[Start of section]
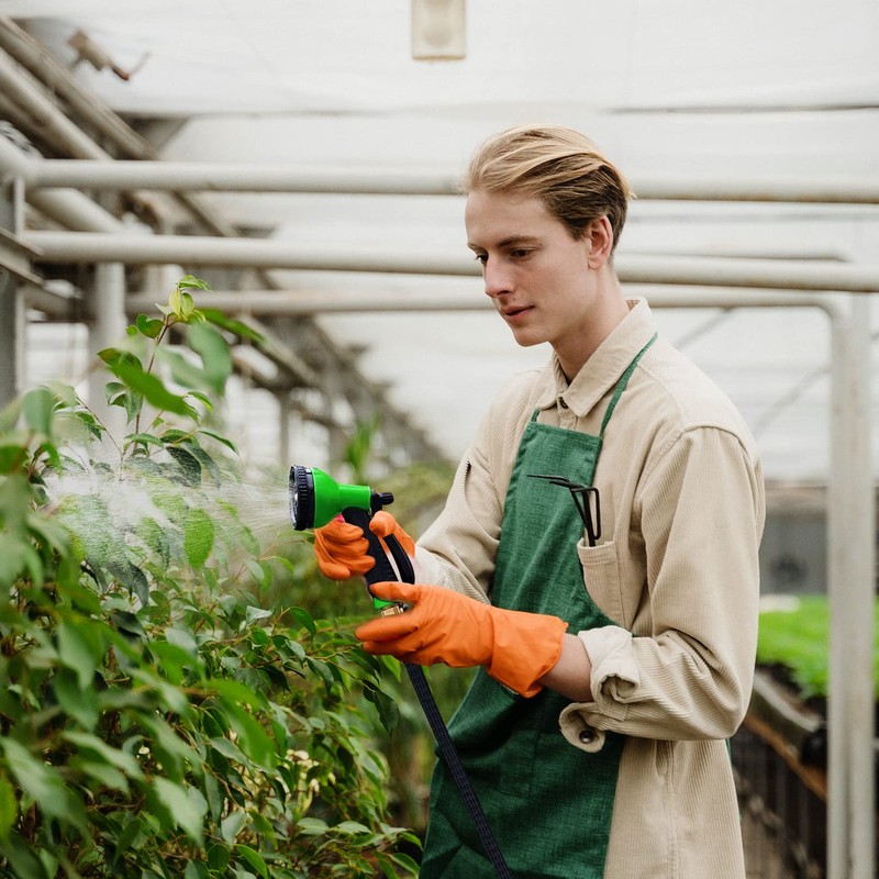 - Resistente y fiable: es una boquilla de pulverización para manguera con gran resistencia. Es importante que el pulverizador de manguera de jardín es resistente. La boquilla de manguera de agua ofrece un potente flujo de agua, y sentirás que es resistente en tu mano. La boquilla de pulverización de manguera de jardín funciona bien incluso con la baja presión de agua en el patio y el patio. Puedes seleccionar entre niebla fina a salida de ducha pesada para tus necesidades.
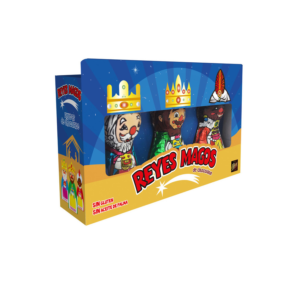 Cajita con las tres figuras de los tres reyes magos hechas de chocolate con leche y huecos por dentro.
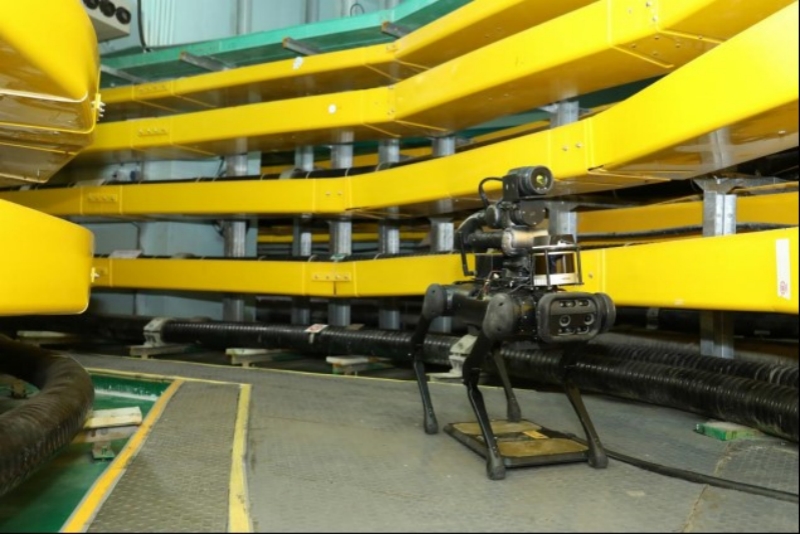 在位于南三環(huán)玉泉營(yíng)的電力隧道內(nèi),一臺(tái)搭載感知設(shè)備機(jī)械臂的四足隧道巡檢機(jī)器人正沿著規(guī)劃好的巡檢路徑,對(duì)地下電力隧道環(huán)境及設(shè)備開展自主巡檢。
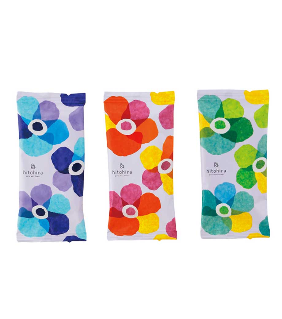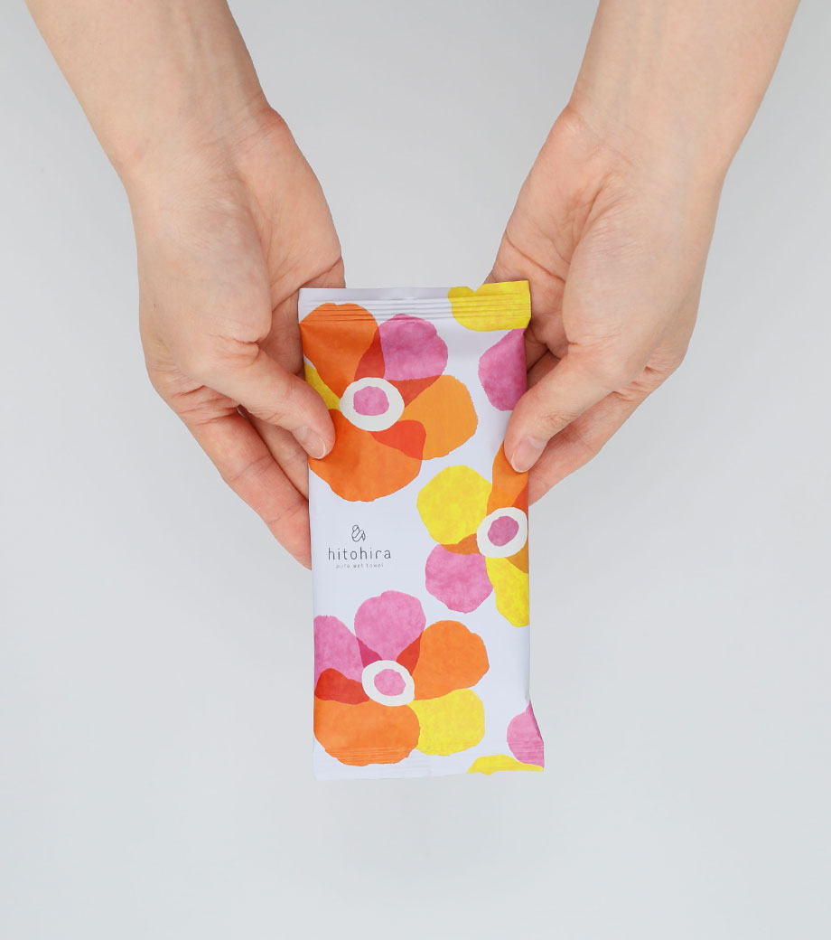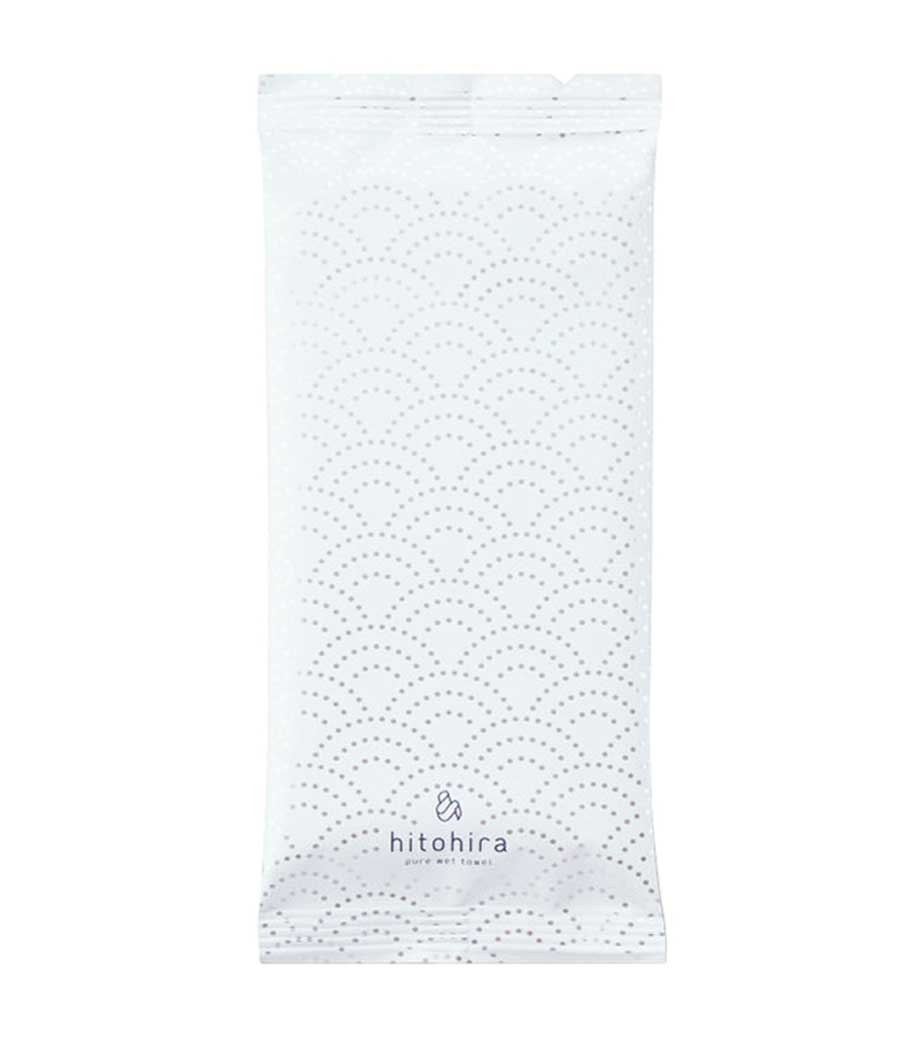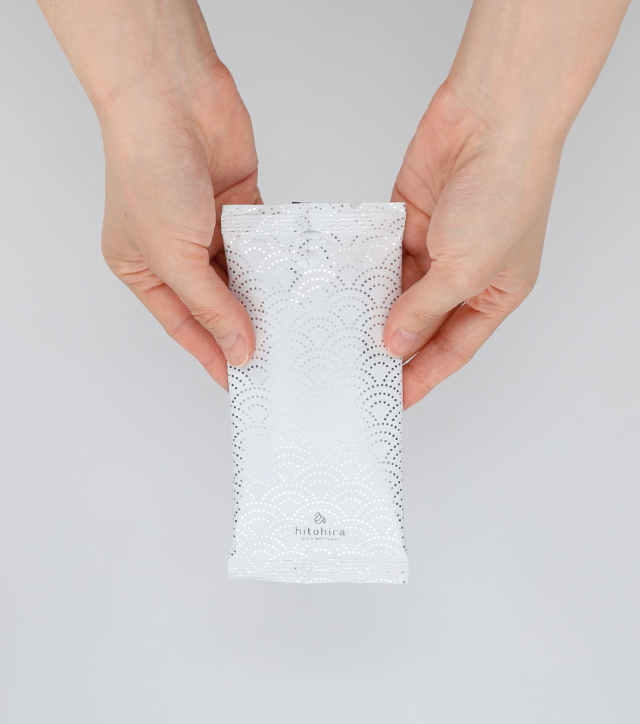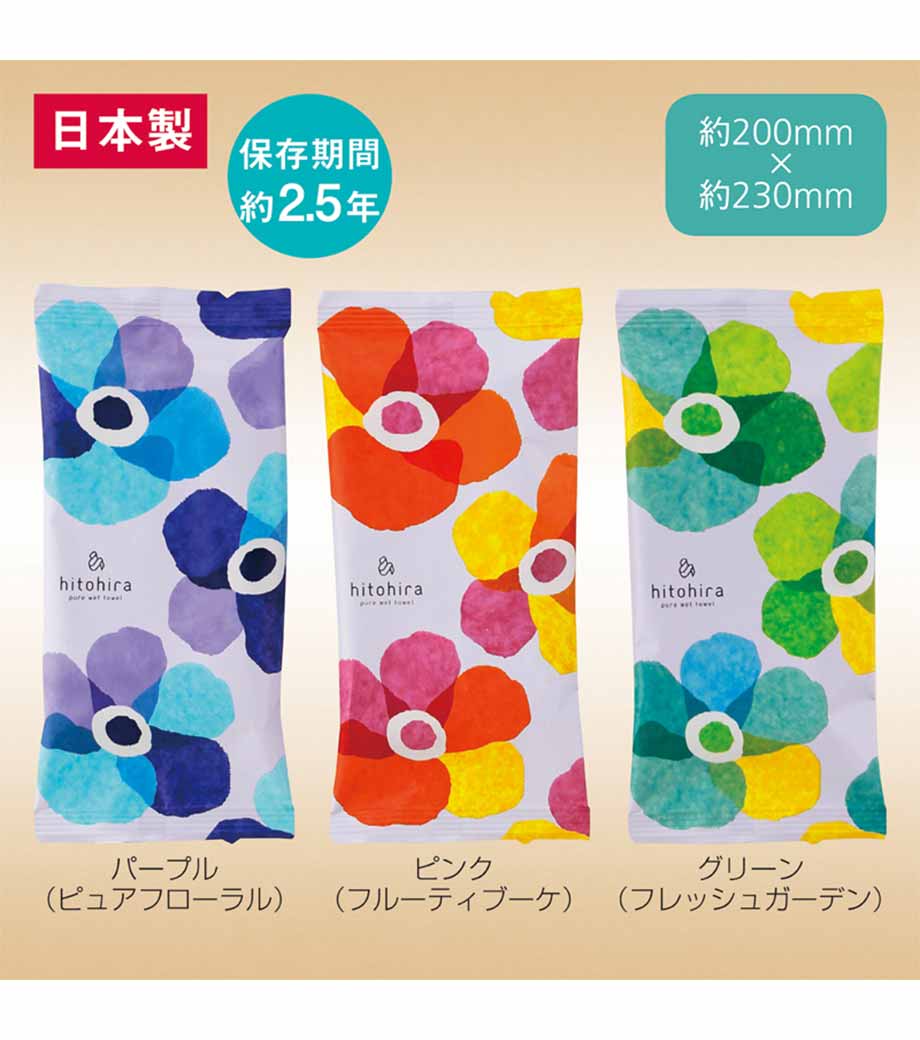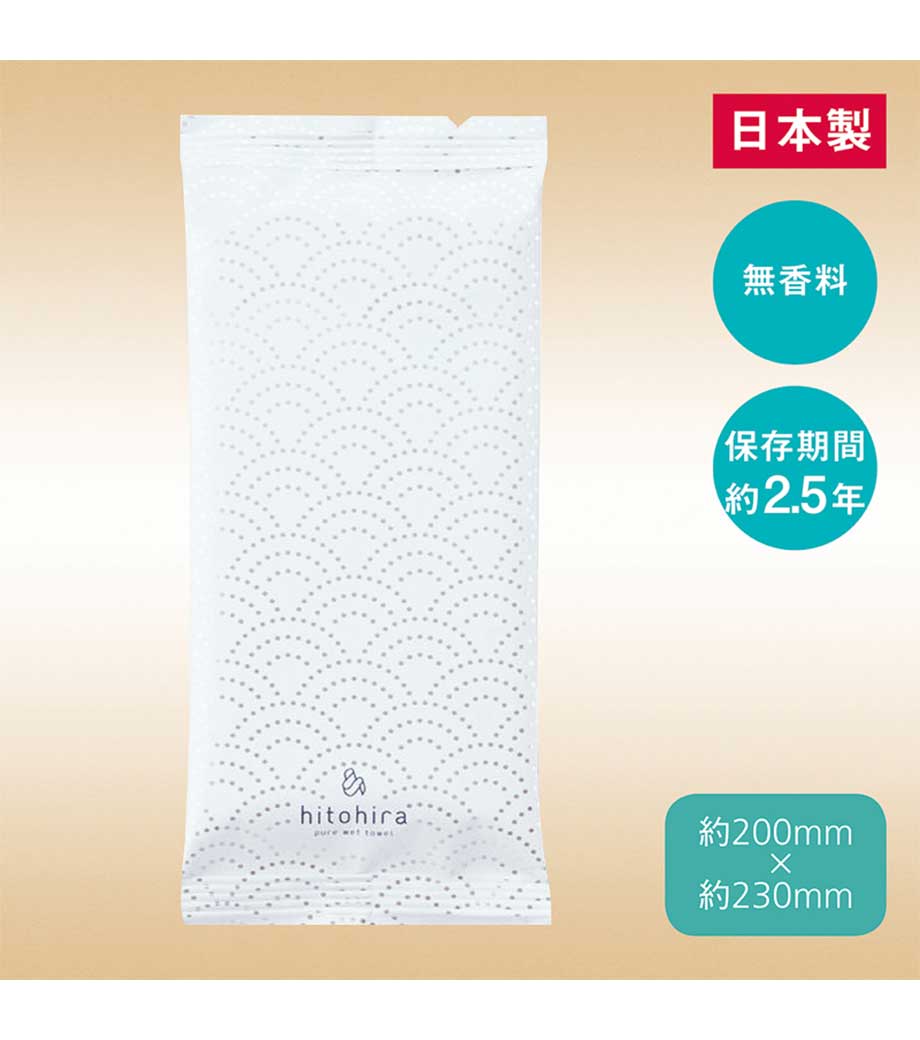 フラップ(開閉部分)に1色でオリジナル印刷可能なウェットティッシュ。袋に耐光性・防湿性の高いアルミ蒸着の3層構造フィルムを採用しており、5年長期保存に対応しています。防災備蓄品としてはもちろん、非常持ち出し袋に1つあると安心のアイテムです。約20×30センチの大判のシートが10枚入り。日本製なのもうれしいポイントです。
[End of section]
(YOUR TASK): Only the lines from the one holding "在位于南三環(huán)玉泉" through the end of the data are to be printed, exactly as they stand and with no pictures.

(EXERCISE ANSWER):
 在位于南三環(huán)玉泉營(yíng)的電力隧道內(nèi),一臺(tái)搭載感知設(shè)備機(jī)械臂的四足隧道巡檢機(jī)器人正沿著規(guī)劃好的巡檢路徑,對(duì)地下電力隧道環(huán)境及設(shè)備開展自主巡檢。
 フラップ(開閉部分)に1色でオリジナル印刷可能なウェットティッシュ。袋に耐光性・防湿性の高いアルミ蒸着の3層構造フィルムを採用しており、5年長期保存に対応しています。防災備蓄品としてはもちろん、非常持ち出し袋に1つあると安心のアイテムです。約20×30センチの大判のシートが10枚入り。日本製なのもうれしいポイントです。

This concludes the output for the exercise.